Second, the responsibility to eradicate the capture and occupation of public spheres for personal or private use does not befall state actors – be they politicians or bureaucrats – alone but also social actors. The invitation for citizen participation had to overcome the corporatist logic of the state, which presented a complex challenge for organized groups accustomed to a corporatist relation with the state (e.g. bankers, indigenous groups, NGOs or public servant groups like the armed forces and the police). As Thwaites Rey asserts, these “hindrances are not circumscribed to dominant sectors, but they are also quite rooted in plebeian practices […] Achieving participation and consciousness of the most ample plurality of interests and perspectives and promoting a sense of the commons, building institutional capacities to manage the commons and prioritize the general over the particular demands great political and militant efforts” (2010, p. 38).

4. The welfare regime in Ecuador

This section applies the listed dimensions in welfare regime studies to deepen the analysis of the case study. It is important to recall that this literature presented a shift in the way that state action was approached. During its first stage, focused on developed countries (Esping-Andersen, 1993), it explained the need to emphasize qualitative variables revealing why focusing on quantitative aspects related to spending (amounts, benefits, and coverage) provided a limited lens, not only to understand the state but also the relation between spheres of welfare provision. In Latin America, the incorporation of its specific realities and contexts in research advanced these contributions. As Filgueira indicates “an analyst cannot focus on the ‘how’ of spending as a typological guide and dismiss the ‘how much’ when some countries register spending that reaches 18% of GDP and other do not reach 8%” (1998, p. 7). Disparities in spending and coverage are sufficiently significant to warrant detailed attention for these quantitative indicators. This paper seeks to recover the relevance of both points of entry: maintain its gaze on the “how much” while expanding its gaze on the “how”.

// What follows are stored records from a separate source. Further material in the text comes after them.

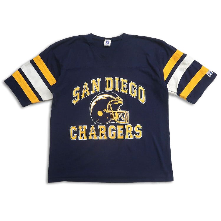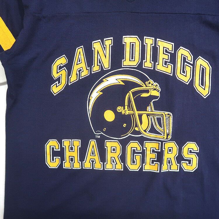 古着 80年代〜 USA製 LOGO7 NFL サンディエゴ・チャージャーズ Vネック フットボールTシャツ ネイビー ビンテージ 表記:XL gd402985n w40623
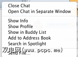 在“消息"左侧面板中右键或按住Control键单击用户名时,并选择“个人资料"部分下的“显示信息",您将看到一个列表,列出了该选定用户的聊天功能,例如聊天,内联图像,聊天室,脱机消息传递,发送文件。
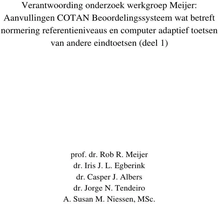 Verantwoording onderzoek werkgroep Meijer: Aanvullingen COTAN Beoordelingssysteem wat betreft normering referentieniveaus en computer adaptief toetsen van andere eindtoetsen (deel 1)
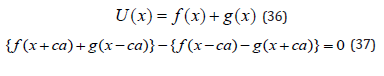 This dual property of the solution given by Equation (32) is a new finding. However, it must be noted that in Equation (11) time is continuous, whereas in Equation (30) time is discontinuous. These are findings that may as yet have repercussions in mechanics and physics. The form of the functions f and g is determined from the initial conditions. When the crystal is initially at rest, in the manner discussed below, then f=g=U, where U(x) is the initial atomic configuration. Then:
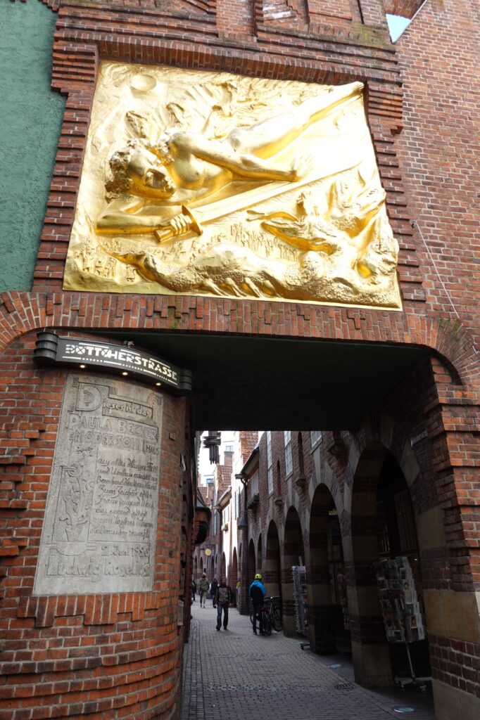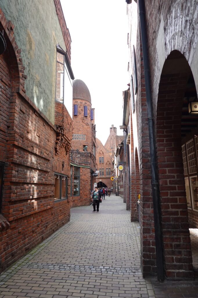 Nous nous dirigeons ensuite vers Böttcherstrasse (rue des tonneliers), plutôt étroite. Nous tombons sur plusieurs groupes d’enfants dont certains parlent français. Là encore, nous apprécions le décor. Au milieu se trouve le carillon de la Haus avec toutes ses cloches et un bout de sa tour qui tourne pendant les mélodies. Nous l’avons écouté sonner pendant plus de 5 minutes et ce n’était pas fini !
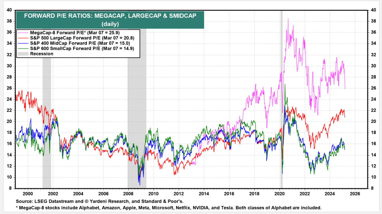 Check out the forward PE ratio chart below of the Mag 8 stocks (pink) & the SP500 (red).
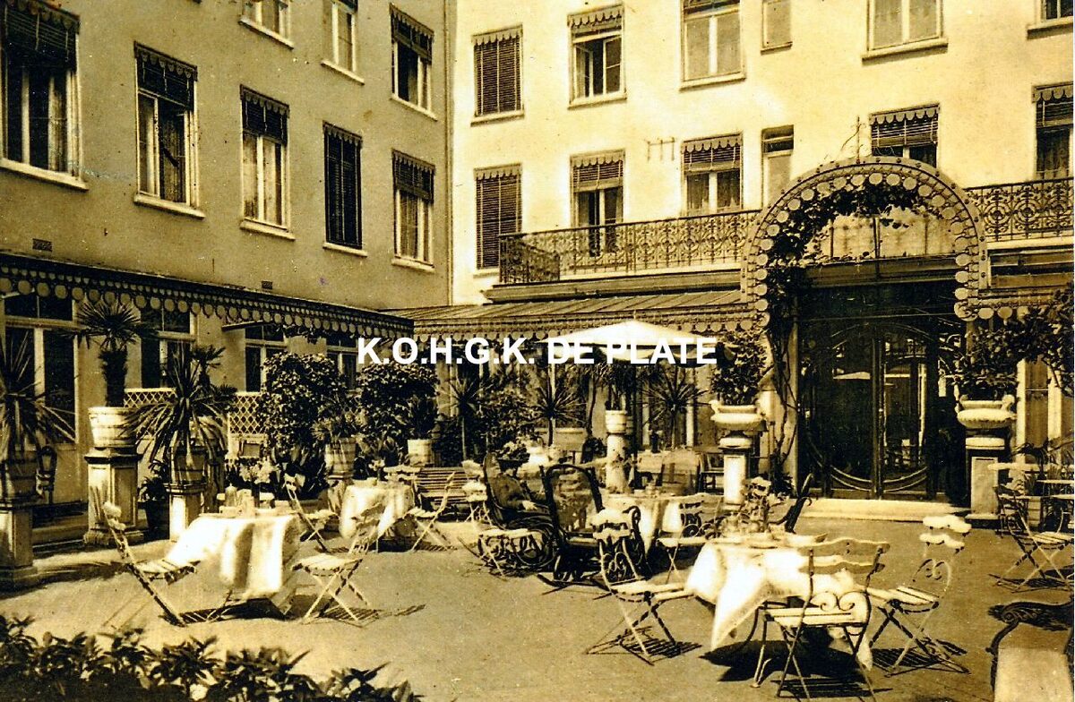 Afdruk. - Formaat : 12,5 x 19 cm. - Binnenzicht van de binnenkoer van Grand Hotel Fontaine

4.1 Decommodification: social rights and subsistence

4.1.1 Social rights: education and health

During the first three years of the CR, social public spending was more than doubled: social public spending as percentage of the GDP goes from 4.2% in 2006 to 9.3% in 2016. On the one hand, this responds to a political prioritization (i.e. allotting more resources for social spending), on the other, it was possible, thanks to the previously described recovery of public resources (i.e. there were more resources to distribute). The expansive economic context must also be taken into consideration. At the same time, as resources increased, there is an expansion in coverage and access to education and health services, as well as their improvement, allowing the massive incorporation of the most marginalized working-class sectors and the realization of their rights. The expansion in access to education and health are related to the increase in social spending, but also with the planned action undertaken by the state: the creation of a national education and health systems. There are several indicators to illustrate this (Figure 2). The extension of coverage and services produced greater public policy efficiency. In comparison to similar countries, like Bolivia and Peru, the advancement of these indicators in Ecuador is quite rapid (Minteguiaga and Ubasart-González, 2021).

Finally, this section is concerned about the quality of the services provided. It seems evident that greater investment and strengthening the guiding and planning capacities of public policy have produced an improvement in the quality of the services. Despite the difficulty to access direct indicators to validate this assertion, there are indirect indicators that show an improvement in subjective assessment of citizens' perception on the quality of public services (ENEMDU-INEC 2008 and 2011). However, there are suspicions that the quality of public services does not reach the expectations of the middle and higher classes. Here lies a challenge: public services should be designed to be able to compete with private providers to have a real process of decommodification in terms of rights.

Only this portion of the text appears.